## Your goal
Below are entries; repeat exactly, and nothing else, the lines from the one holding "NIJMEGEN – In" through the one holding "RARE威雅男装 夏季新款潮流版白卡其曲线提花男士工装短裤", inclusive. Leave the pictures out.

## Dataset records
- - - - - - -

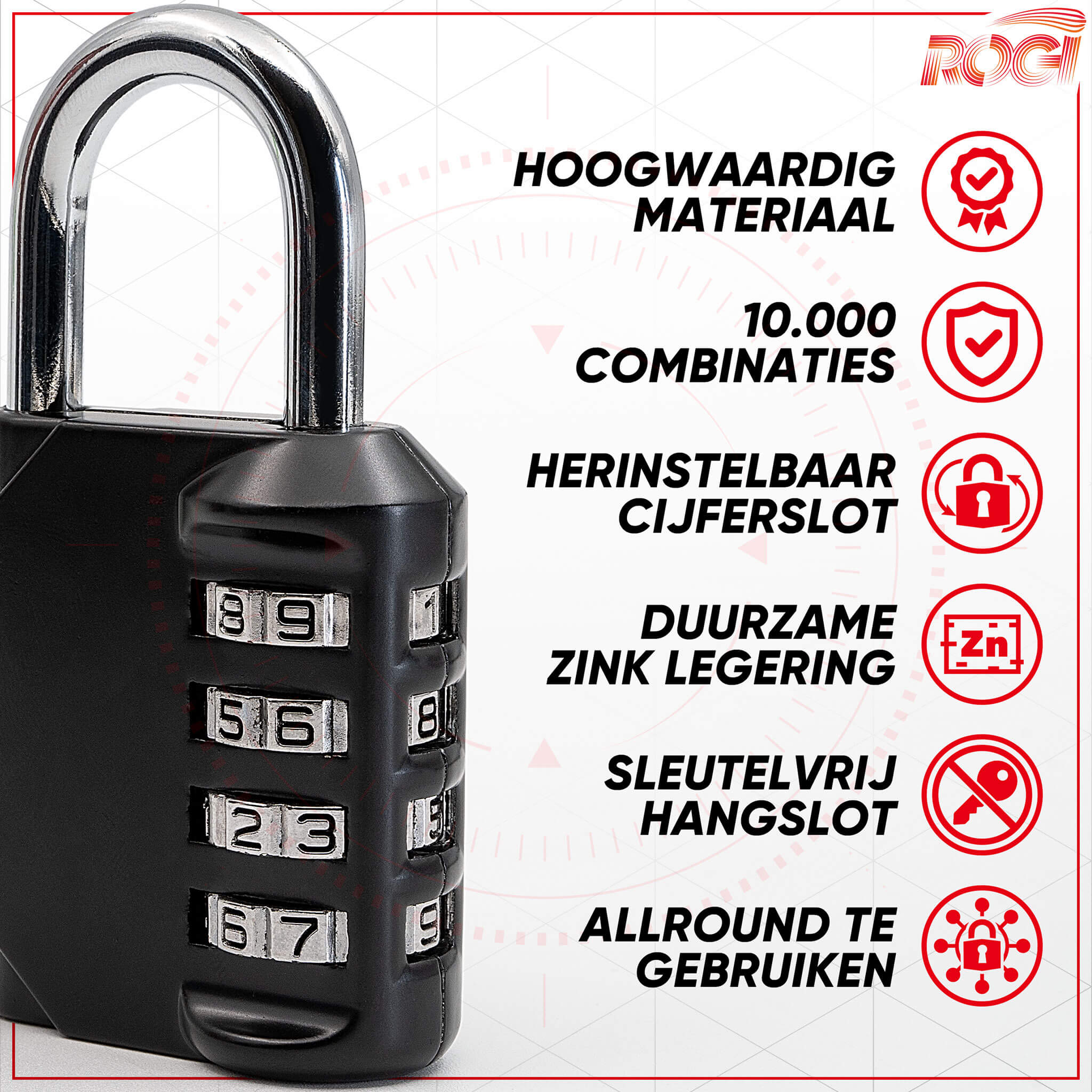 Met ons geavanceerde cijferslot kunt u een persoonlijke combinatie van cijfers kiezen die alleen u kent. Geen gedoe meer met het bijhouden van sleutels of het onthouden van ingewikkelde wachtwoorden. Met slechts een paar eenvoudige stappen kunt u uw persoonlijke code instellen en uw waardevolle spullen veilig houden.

- - - - - - -

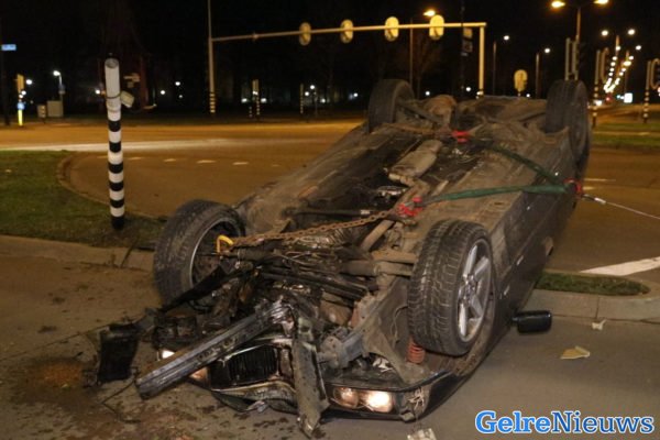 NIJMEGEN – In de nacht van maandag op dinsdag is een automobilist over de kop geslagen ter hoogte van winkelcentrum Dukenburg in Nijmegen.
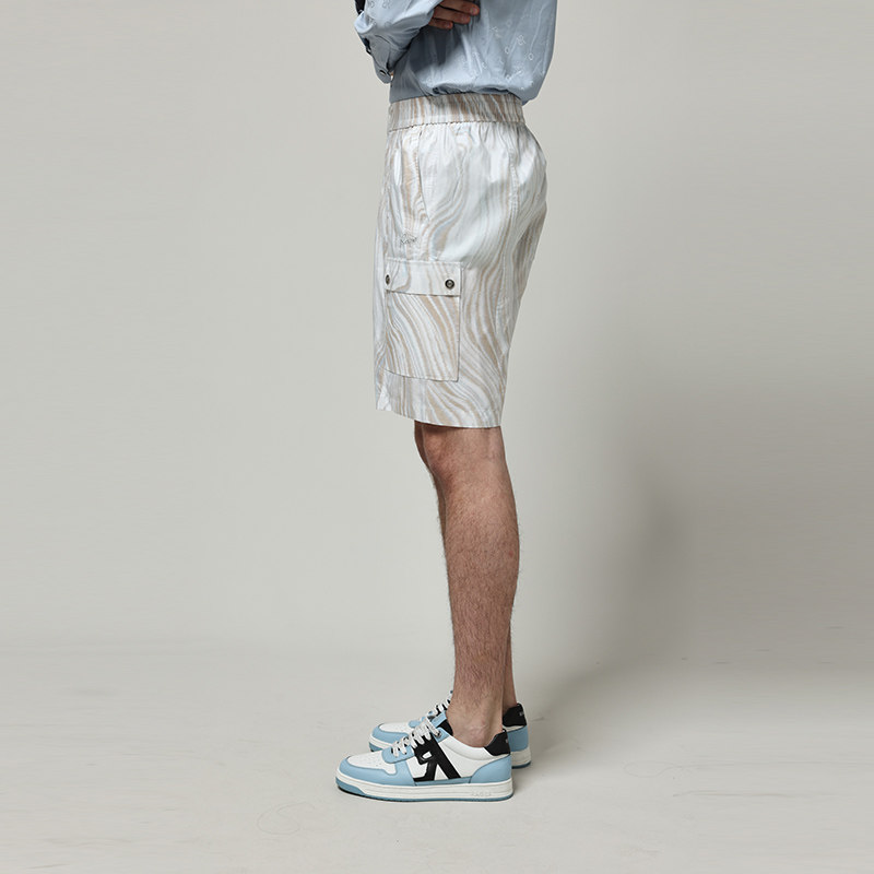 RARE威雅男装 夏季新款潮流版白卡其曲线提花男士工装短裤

- - - - - - -

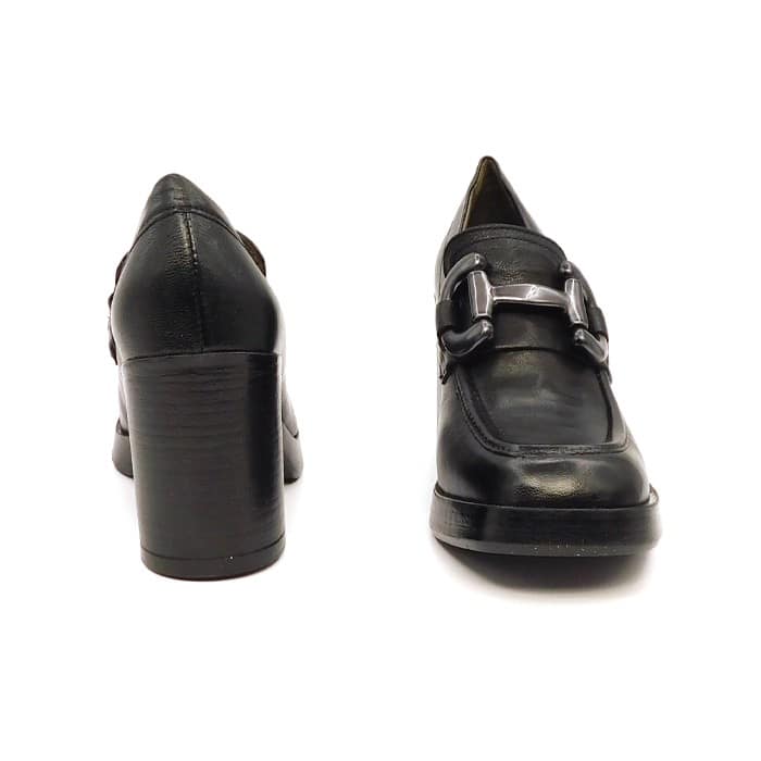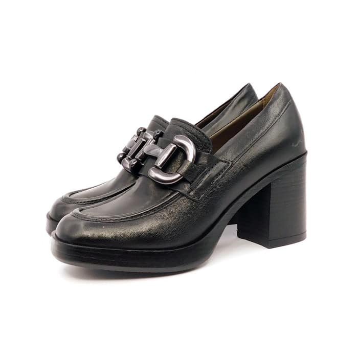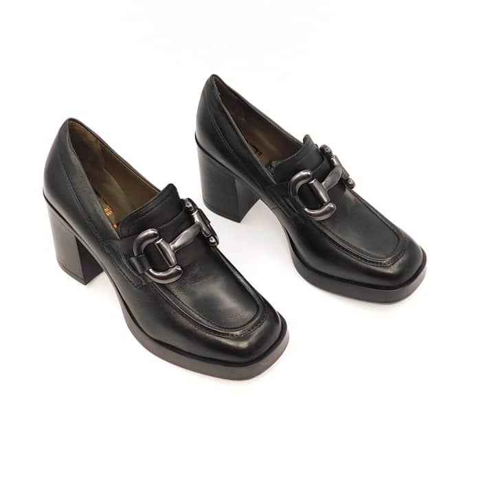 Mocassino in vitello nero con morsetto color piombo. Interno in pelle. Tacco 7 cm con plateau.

- - - - - - -

## Your solution
 NIJMEGEN – In de nacht van maandag op dinsdag is een automobilist over de kop geslagen ter hoogte van winkelcentrum Dukenburg in Nijmegen.
 RARE威雅男装 夏季新款潮流版白卡其曲线提花男士工装短裤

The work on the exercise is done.